* How to complete this task:
The answer must be an exact copy of the records, with every picture removed.
*** Material shown ***
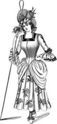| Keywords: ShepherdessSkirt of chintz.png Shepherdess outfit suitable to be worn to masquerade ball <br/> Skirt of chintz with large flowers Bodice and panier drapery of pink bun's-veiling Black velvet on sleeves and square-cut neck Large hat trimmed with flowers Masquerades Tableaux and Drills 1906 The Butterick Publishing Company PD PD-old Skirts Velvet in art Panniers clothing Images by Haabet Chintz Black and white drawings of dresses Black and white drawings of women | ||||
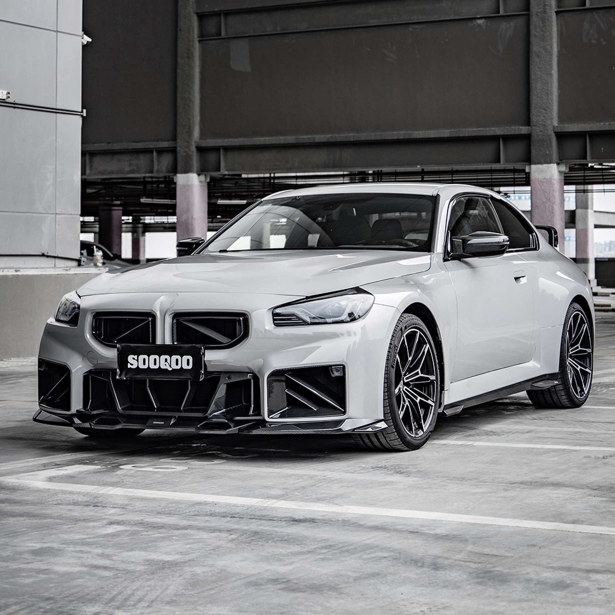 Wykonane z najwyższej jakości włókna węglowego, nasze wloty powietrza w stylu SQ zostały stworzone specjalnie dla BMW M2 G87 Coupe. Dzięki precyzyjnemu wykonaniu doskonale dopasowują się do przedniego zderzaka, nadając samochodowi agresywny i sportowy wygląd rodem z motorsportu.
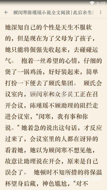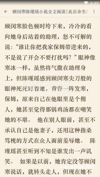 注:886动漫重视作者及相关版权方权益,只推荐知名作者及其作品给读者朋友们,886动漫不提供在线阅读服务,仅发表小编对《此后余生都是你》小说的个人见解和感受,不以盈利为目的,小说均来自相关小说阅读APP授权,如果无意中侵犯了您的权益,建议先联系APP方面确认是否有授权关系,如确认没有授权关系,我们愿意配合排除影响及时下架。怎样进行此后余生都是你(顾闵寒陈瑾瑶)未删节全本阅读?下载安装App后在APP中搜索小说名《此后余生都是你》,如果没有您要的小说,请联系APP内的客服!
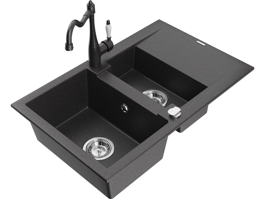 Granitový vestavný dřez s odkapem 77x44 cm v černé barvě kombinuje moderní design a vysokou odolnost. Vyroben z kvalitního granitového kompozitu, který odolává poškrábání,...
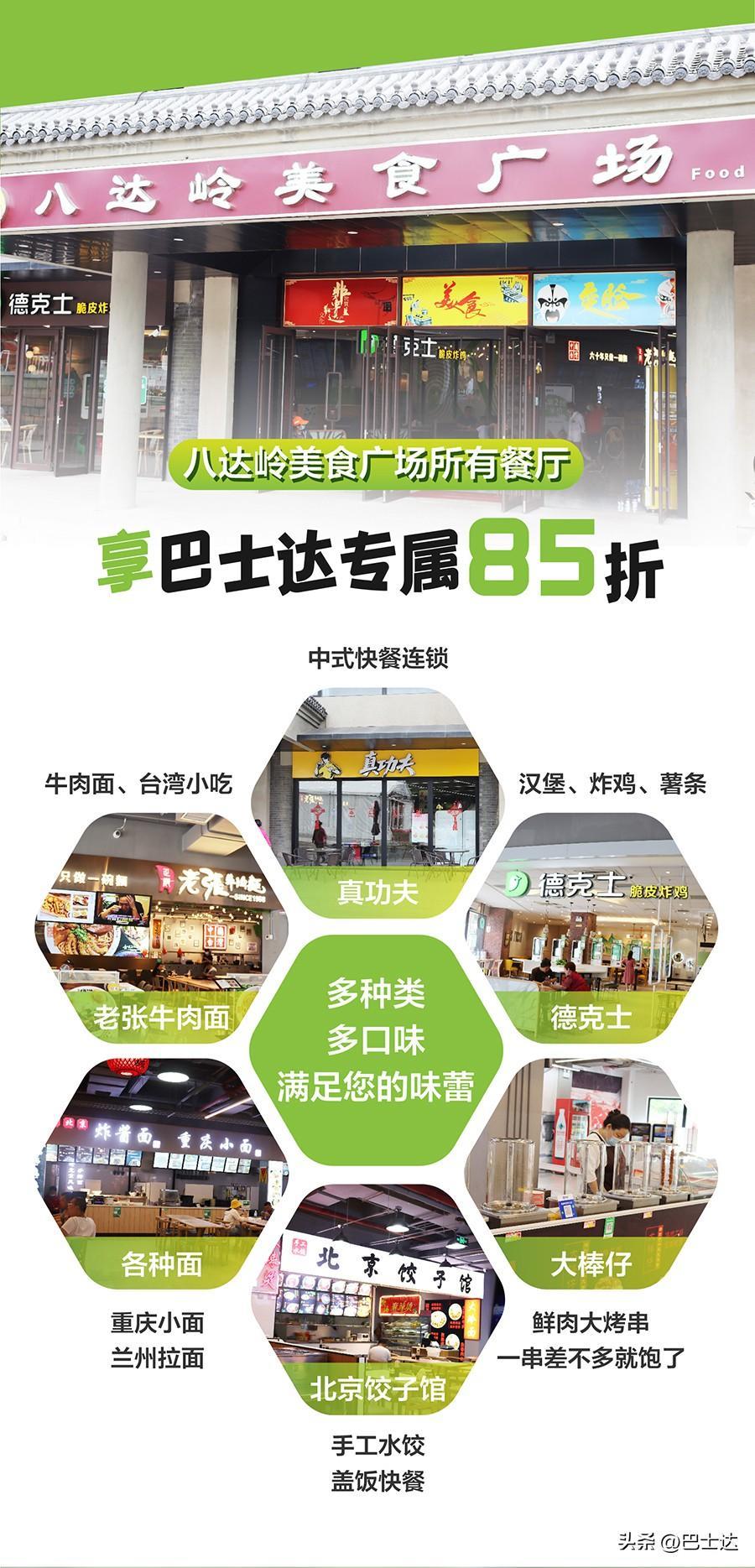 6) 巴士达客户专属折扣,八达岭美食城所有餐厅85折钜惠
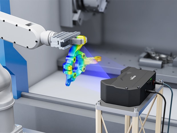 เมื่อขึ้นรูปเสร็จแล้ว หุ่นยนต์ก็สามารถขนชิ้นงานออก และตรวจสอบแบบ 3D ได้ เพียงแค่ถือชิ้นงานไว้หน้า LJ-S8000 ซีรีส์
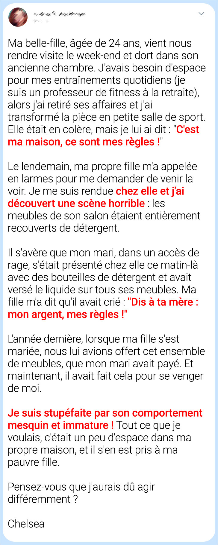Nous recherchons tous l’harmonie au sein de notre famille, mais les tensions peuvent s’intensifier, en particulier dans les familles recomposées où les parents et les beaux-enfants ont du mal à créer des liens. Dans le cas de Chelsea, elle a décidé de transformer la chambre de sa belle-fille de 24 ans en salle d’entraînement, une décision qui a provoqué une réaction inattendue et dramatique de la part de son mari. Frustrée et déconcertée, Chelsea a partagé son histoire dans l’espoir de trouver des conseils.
*** End of Material shown ***
* Answer below:
| Keywords: ShepherdessSkirt of chintz.png Shepherdess outfit suitable to be worn to masquerade ball <br/> Skirt of chintz with large flowers Bodice and panier drapery of pink bun's-veiling Black velvet on sleeves and square-cut neck Large hat trimmed with flowers Masquerades Tableaux and Drills 1906 The Butterick Publishing Company PD PD-old Skirts Velvet in art Panniers clothing Images by Haabet Chintz Black and white drawings of dresses Black and white drawings of women | ||||
 Wykonane z najwyższej jakości włókna węglowego, nasze wloty powietrza w stylu SQ zostały stworzone specjalnie dla BMW M2 G87 Coupe. Dzięki precyzyjnemu wykonaniu doskonale dopasowują się do przedniego zderzaka, nadając samochodowi agresywny i sportowy wygląd rodem z motorsportu.
 注:886动漫重视作者及相关版权方权益,只推荐知名作者及其作品给读者朋友们,886动漫不提供在线阅读服务,仅发表小编对《此后余生都是你》小说的个人见解和感受,不以盈利为目的,小说均来自相关小说阅读APP授权,如果无意中侵犯了您的权益,建议先联系APP方面确认是否有授权关系,如确认没有授权关系,我们愿意配合排除影响及时下架。怎样进行此后余生都是你(顾闵寒陈瑾瑶)未删节全本阅读?下载安装App后在APP中搜索小说名《此后余生都是你》,如果没有您要的小说,请联系APP内的客服!
 Granitový vestavný dřez s odkapem 77x44 cm v černé barvě kombinuje moderní design a vysokou odolnost. Vyroben z kvalitního granitového kompozitu, který odolává poškrábání,...
 6) 巴士达客户专属折扣,八达岭美食城所有餐厅85折钜惠
 เมื่อขึ้นรูปเสร็จแล้ว หุ่นยนต์ก็สามารถขนชิ้นงานออก และตรวจสอบแบบ 3D ได้ เพียงแค่ถือชิ้นงานไว้หน้า LJ-S8000 ซีรีส์
Nous recherchons tous l’harmonie au sein de notre famille, mais les tensions peuvent s’intensifier, en particulier dans les familles recomposées où les parents et les beaux-enfants ont du mal à créer des liens. Dans le cas de Chelsea, elle a décidé de transformer la chambre de sa belle-fille de 24 ans en salle d’entraînement, une décision qui a provoqué une réaction inattendue et dramatique de la part de son mari. Frustrée et déconcertée, Chelsea a partagé son histoire dans l’espoir de trouver des conseils.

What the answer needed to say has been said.